Tag Archives: chickpea salad

Two-fer Tuesday: Chickpea and Tahini II and Balsamic Dressing for Tomatoes

30 Aug

 

Sometimes it just takes a little change to make a big difference in flavor. Here are two quickie recipes — one a salad and one a dressing for those crazy seasonal tomatoes that you no longer know what to do with  — that are variations on stuff I do regularly, but with a new ingredient that updates it, keeps it from getting stale.

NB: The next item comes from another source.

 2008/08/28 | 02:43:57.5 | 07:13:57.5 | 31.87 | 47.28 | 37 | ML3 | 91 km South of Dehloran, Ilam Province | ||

In the chickpea and tahini salad, I add ginger and soy sauce to my basic tahini dressing for a slightly Asian flavor. For the dressing, I use balsamic vinegar instead of red wine vinegar as well as a dash of agave nectar; a little sweetness harmonizes with sweet seasonal tomatoes, but also mellows out their acidity.

These can be done in a flash and will complement any summer meal or be a light dinner in themselves with some crusty bread.

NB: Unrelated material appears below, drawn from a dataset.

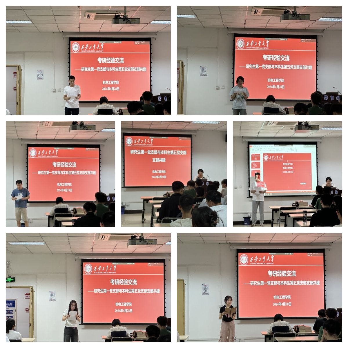 活动现场,由研究生第一党支部代海龙、刘学强、姜佳瑶、郭纯、蒲灿、杨进康、王煜凡7名同志为本科生第五党支部做考研经验分享。研究生学长学姐们分别从保研的基本条件、考研环境形势了解、考研政策解读、考研院校的选择以及如何制定备考计划等方面展开分享,强调要有自己的节奏,劳逸结合,同时表示考研只是人生路上的一个阶段,奋斗没有终点。同学们积极提问学长学姐,学长学姐们对同学们考研疑惑的问题提出自己的建议。

Chickpea and Tahini Salad II

1 Tbs lemon juice

1 Tbs tahini

1 tsp soy sauce

1 28oz can chickpeas, rinsed and drained

2 cloves garlic, minced

2 Tbs red onion (a quarter of a medium red onion), sliced thin

1 Tbs cilantro

1 tsp grated ginger

Mix or whisk lemon juice, tahini and soy sauce together in a bowl. Add remaining ingredients and stir to mix well.

Balsamic dressing for tomatoes

1-2 Tbs Balsamic vinegar (I prefer less)

8 Tbs olive oil

1 garlic clove, minced

½ tsp agave nectar

Salt to taste (start with a pinch – 1/8 tsp and work from there)

Whisk all ingredients in a bowl and pour over tomatoes in whatever quantity you like. Sliced red onion goes very well. You can serve with mozzarella and basil as a caprese salad, or over pasta for a summer buffet dish, hot or cold. Dip crusty bread into the liquid….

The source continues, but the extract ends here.